I am trying to go through a simple example to teach myself about Parseval's theorem and calculating power spectral density (PSD) in practice and would be very grateful if someone could check my reasoning and help my understanding.
Specifically, I want to calculate the average power of a signal in the time domain and show that it is equal to the average power obtained in the frequency domain using the PSD (according to Parseval).

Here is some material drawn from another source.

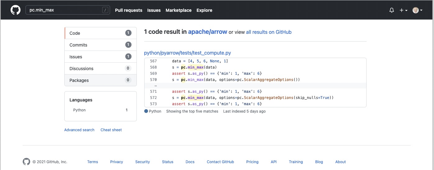 We could try to search for the function reference in a GitHub Apache Arrow repository.#

As an example, I am considering a simple cosine (non-causal) signal $x(t) = A\cos(2\pi f_0t)$, which should have infinite energy but finite average power (known as a "power signal", as opposed to "energy signal") given by: $$P_{\textrm{av}} = \lim_{T\to\infty}\frac{1}{T} \int^{+T/2}_{-T/2} |x(t)|^2\mathrm dt$$
Since this signal is periodic, I should be able to calculate the average power by considering a single period only, where $T= 1/f_0$, $$P_{\textrm{av}} = \frac{1}{T} \int^{+T/2}_{-T/2} |A\cos(2\pi f_0t)|^2\mathrm dt = f_0 A^2 \int^{+T/2}_{-T/2} \frac{1}{2}\Big[1+\cos(4\pi f_0 t) \Big]\mathrm dt = \frac{A^2}{2}$$
I would now like to arrive at this result by integrating the power spectral density over all frequencies (as should work by Parseval), to convince myself of what I'm doing. So first, I need to obtain the power spectral density. I have seen one definition of the PSD given as the Fourier transform of the autocorrelation function, $R(\tau)$, so I first calculate this:
\begin{align} R(\tau) &= \int^{+\infty}_{-\infty} x(t+\tau)\;x^*(t)\;\mathrm dt \\ &= A^2 \int_{-\infty}^{+\infty} \cos(2\pi f_0(t+\tau))\cdot \cos(2\pi f_0)\; \mathrm dt\\ &= \frac{A^2}{2} \cos(2\pi f_0\tau) \end{align}
where I have used trigonometric identity to evaluate the integrals. Now, calculating the Fourier transform of this to get the PSD:
\begin{align} \textrm{PSD}(f) &= \mathcal{F}\{R(\tau)\} \\ &= \int_{-\infty}^{+\infty} R(\tau) e^{-2\pi i f \tau}\; \mathrm d\tau\\ &= \int_{-\infty}^{+\infty} \frac{A^2}{2} \cos(2\pi f_0\tau) e^{-2\pi i f \tau}\; \mathrm d\tau\\ &= \frac{A^2}{4}\Big[ \delta(f-f_0) + \delta(f+f_0) \Big] \end{align}
Is this correct for the power spectral density of a cosine wave, i.e. in units of [signal$^2$ per Hz]? It does indeed look like if I were to integrate this PSD over frequency I would get the correct average power $P_\textrm{av} = A^2/2$.
I have seen an alternative (or just different form?) of the definition of PSD in this question:
$$S_{xx}(\omega)=\lim\limits_{T\to \infty}\mathbf{E} \left[ | \hat{x}_T(\omega) |^2 \right]$$
How would I apply this definition to my cosine signal to arrive at the same PSD above, and show that the average power is recovered? Which method is the approach I should take? Is it true that the autocorrelation method is used more for stochastic signals when the FT does not exist, and for deterministic signals (such as in my case) we can directly use the FT?